PROBLEM DETAILS — Only the lines from the "公演終了後も1週間ほど期間を" line through the last line of the material below belong in the answer, reproduced exactly and with no pictures.

**** DATA EXTRACT

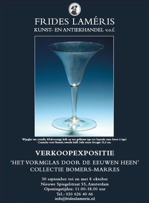 Back in 1986 the New York Times wrote: “the shop of a glass collector turned dealer, glass and porcelains present a colorful display. This glittering, two-story establishment in the heart of Amsterdam's antiques district is known for the sort of 17th- and 18th-century European glass vessels - engraved, cut and exquisitely blown bowls, vases and glasses - that Mr. Lameris acquired privately for 20 years before he gave up banking at the age of 42 in 1963 to become a dealer. The range of works spans 18 centuries, from Roman glass vessels of the first century onward.”
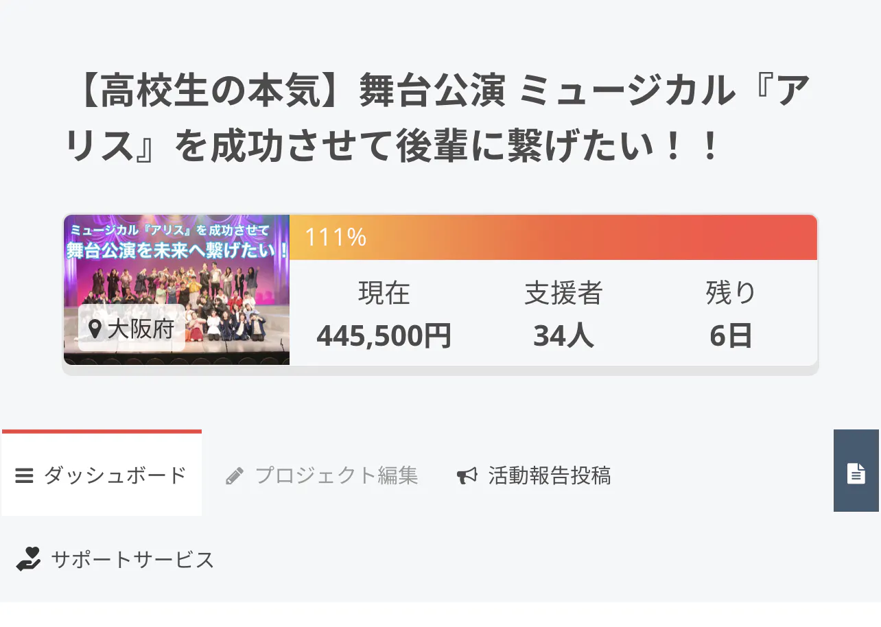 公演終了後も1週間ほど期間を設けておりますので、ぜひ温かなご支援よろしくお願い致します。
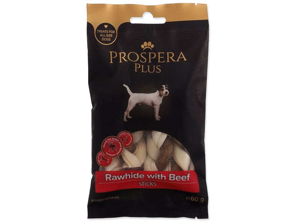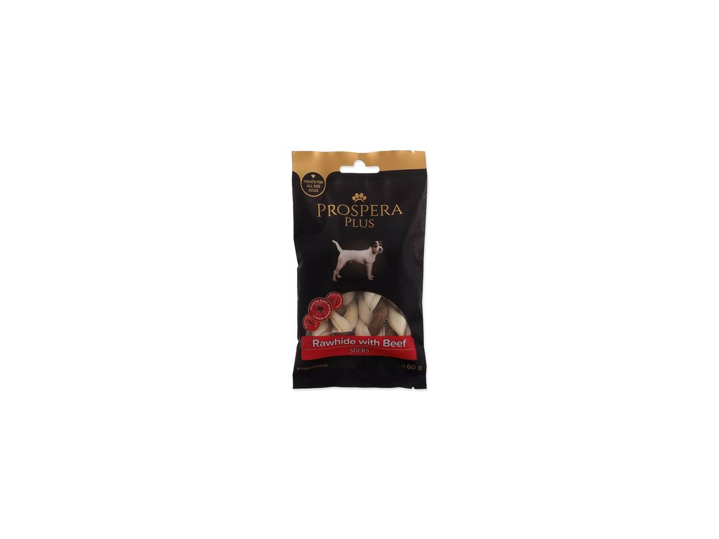 Pochoutka Prospera Plus Surová kůže s hovězím pletená tyčinka 4ks 7,5cm

********

SOLUTION —
 公演終了後も1週間ほど期間を設けておりますので、ぜひ温かなご支援よろしくお願い致します。
 Pochoutka Prospera Plus Surová kůže s hovězím pletená tyčinka 4ks 7,5cm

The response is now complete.